Anti-BJP alliance later, setting house right Cong priority now

Anti-BJP alliance later, setting house right Cong priority now

India News

In the history of Congress’s chintan shivirs over the last two-and-a-half decades, the Pachmarhi session and the Shimla conclave — in 1998 and 2003, respectively — stand out for the diametrically opposite positions the party took on the issue of coalition and alliances.

In the ongoing session at Udaipur, too, the party seems to be ambivalent.

The reason: the party is much weakened and the popular opinion within is that the Congress has to regain its strength electorally before calling for opposition unity or rallying of anti-BJP parties.

Mallikarjun Kharge, convenor of the group discussing the party’s political line and position, was forthright on Friday.

“First, we want to set right our house, and we want to make Congress people more active and powerful. Then we will go to others (parties). If you don’t have any investment, which partner will come (and say) that I will invest some money on you,” Kharge told the media.

He said: “…whatever deficiencies are there…those things will be discussed. With some proposal we will come forward and whosoever accepts these principles we will go with them. We want to strengthen ourselves, and we want to unite our cadre — from block level, panchayat- and mandal-level…to the district level, we want to gain strength and then talk to others…”

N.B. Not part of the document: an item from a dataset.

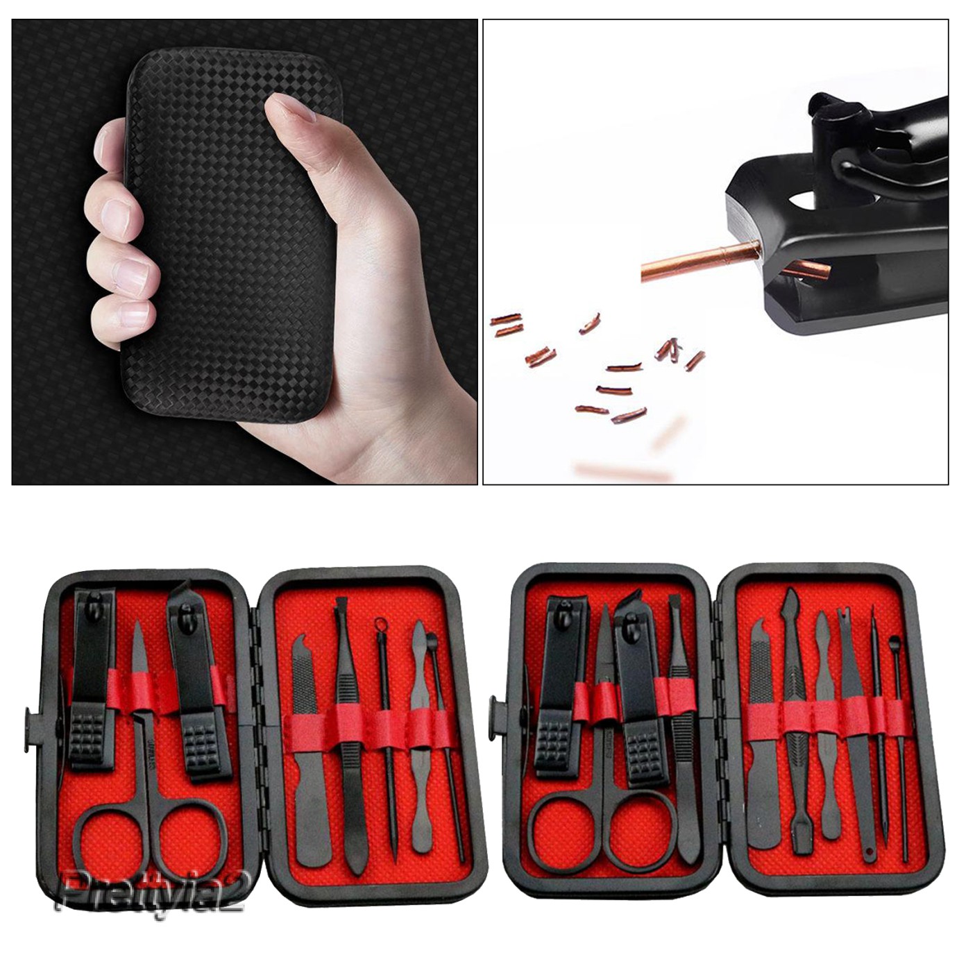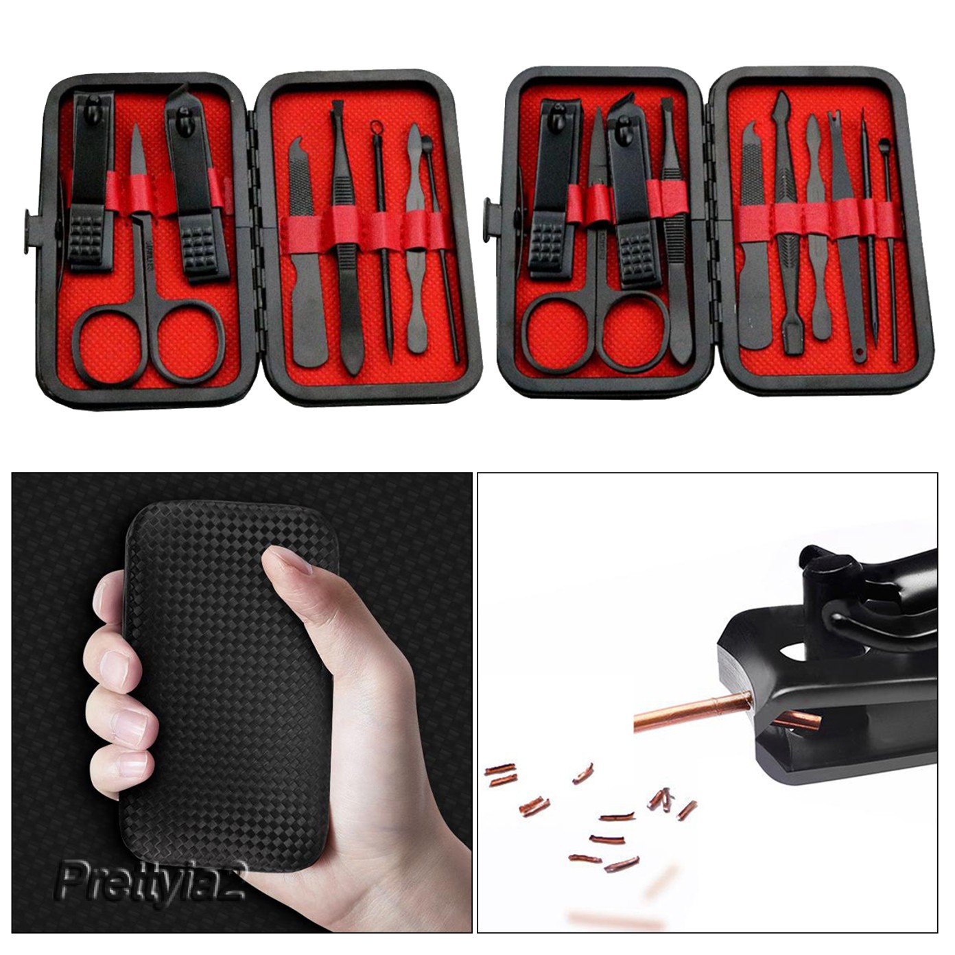 Description: 8Pcs/10Pcs Set(Optional): Manicure Pedicure Set Kit contains including tweezers, a cuticle clipper, nail clipper, nail file, ear pick, cuticle pusher and so on. Small size and lightweight, you can take it anywhere, great for travel and daily life. Stainless steel with sharp blades, high hardness and good wear resistance, are durable and not rusty. The manicure set has so many functions including hand care, foot care and facial care that it can meet the various care needs in your daily life. Portable: 8Pcs/10Pcs Set (Optional) Tools are neatly attached in a PU box and can be easily opened at the push of a button. Specification: Material: stainless steel Size: 15x10cm/5.9x3.9 inch Package Includes: 1x Nail Clippers Manicure Set Pedicure Kit

As for an alliance against BJP, Kharge said the party wants to take everyone along — “we will walk with those who believe in the secular fabric and constitutional values”. But first, he added, “we want to set our own house in order”.

At Pachmarhi, the party had declared that it considers the “present difficulties in forming one-party governments a transient phase in the evolution of our polity”. It asserted that “coalitions will be considered only when absolutely necessary, and that too on the basis of agreed programmes that will not weaken the party or compromise its basic ideology”.

In Shimla, five years later, the party gave a signal for unity of secular forces.

Kharge said this session will give out a clear message that nationalism and love for India is the Congress’s core philosophy.

“This is a fight between Indian nationalists versus pseudo nationalists,” he said. “Those who stand with the principles of the Congress represent the Indian way of life and thought, which has sustained this civilisation for 3,000 years. Not the fake nationalism of BJP (and) RSS. It is the Congress party that adheres to the Indian path of rejecting all extremes. This Chintan Shivir will usher in a clear message that nationalism and love for India is the core philosophy of the Congress.”

He said the political challenge before Congress is five-fold.

“First, we have to retrieve our rich legacy and heritage to inspire the youth. Second, we need to redefine our ideology to reassure party workers and supporters. Third, we have to reaffirm our commitment to the Constitution — of ensuring liberty of thought, expression, belief, faith and worship; the federal structure; (taking along) the poorest and the most oppressed in the society.

“Fourth, we have to reclaim the Indian way of life and what it means to be an Indian. Fifth, we need to reinvent our politics to transform the party, society and the nation, including politics as a form of social service; how we connect to people on issues that matter to them; how we raise funds from people; how we tackle lies and distortions; and how we can lead initiatives that bring people together.”